En las últimas décadas han aparecido en
América Latina y otras zonas del globo, forasteros como ese, que han infringido
daños fatales. Hugo Chávez es uno de ellos. Provenía del estamento militar, sin
ninguna experticia en el arte de la política. No había sido ni siquiera
concejal en un municipio. Insurgió con un discurso revanchista, afincado en el resentimiento
de los grupos que se sentían excluidos.
Prometió destruir la cuarta República para fundar sobre sus escombros la
quinta República. Las consecuencias de semejante desmesura han alcanzado el
nivel de hecatombe. Venezuela, luego de dos décadas de hegemonía chavista, está
arruinada y sometida.
El peruano Alberto Fujimori -modesto ingeniero
agrónomo y profesor universitario- logró derrotar en 1990 a Mario Vargas Llosa,
quien, a pesar de no ser político de profesión, había radiografiado muy bien en
sus relatos la estructura de poder en Perú. Fujimori terminó imponiendo un
régimen autoritario y corrupto, que provocó una fractura política que se conserva
hasta el día de hoy.
Nayib Bukele, el joven empresario
presidente de El Salvador, mantiene en jaque a las frágiles instituciones de
esa nación, que libró una guerra durante décadas, en la cual murieron cerca de
500.000 personas. Esas huellas están muy frescas. Bukele juega con fuego.
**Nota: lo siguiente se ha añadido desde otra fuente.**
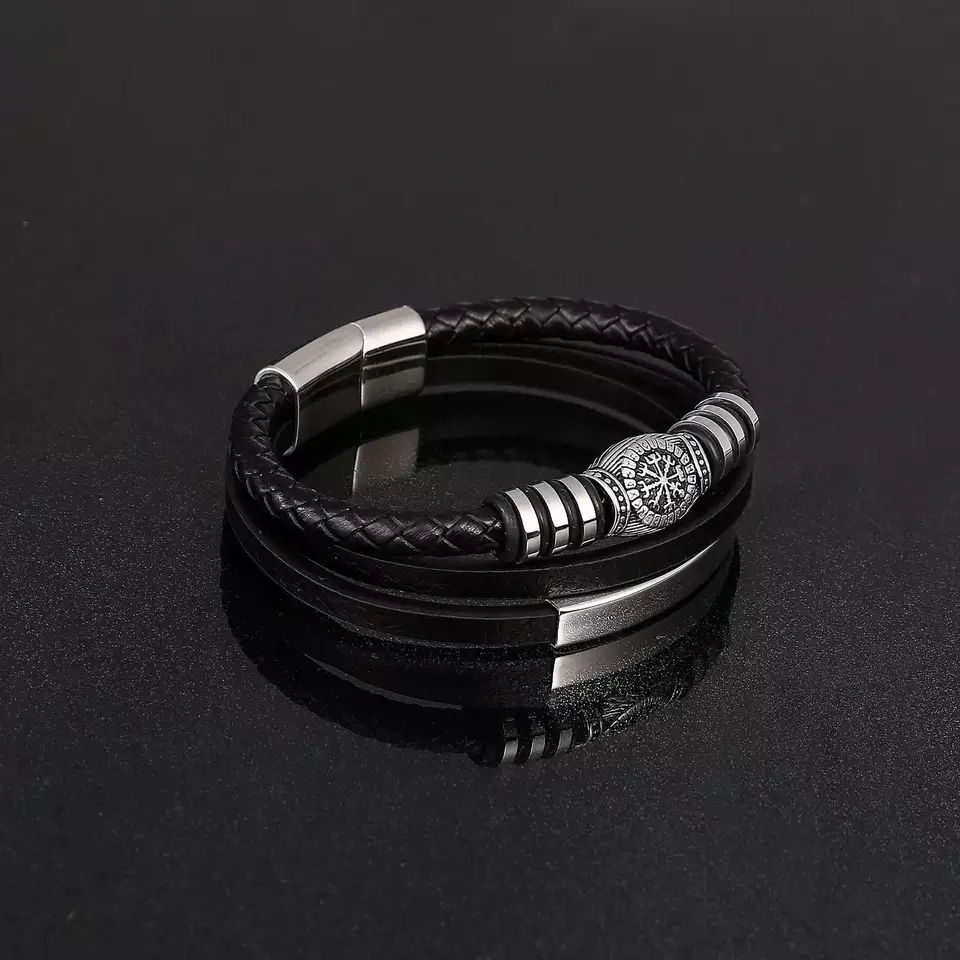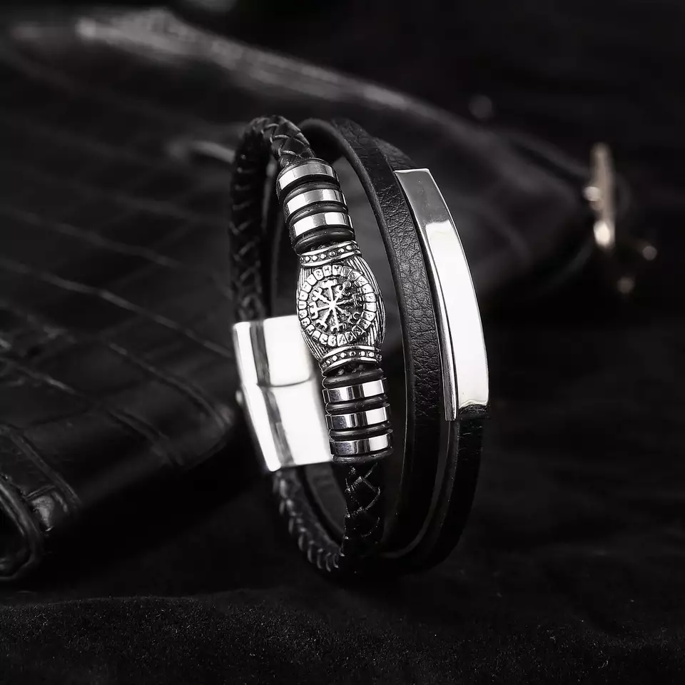 Fekete, valódi bőr karkötő kollekció, amely három részből áll. Az elsőn egy rozsdamentes, akár gravírozható rátét, a középső egy tiszta bőr, a harmadikon pedig a Vegvisir, avagy a viking iránytű szimbólum, rúna látható.

Es cierto que los políticos democráticos profesionales
cometen errores, muchos graves; y desatan crisis, muchas profundas. Por esa
razón, las naciones se dejan seducir por el encanto de los forasteros. Sin embargo, los políticos de carrera poseen
una virtud: entienden que por encima de ellos se encuentra el sistema, y que
este debe prevalecer sobre cualquier otra consideración. Los advenedizos no comparten
ese axioma. ¡Cuidado con los outsiders!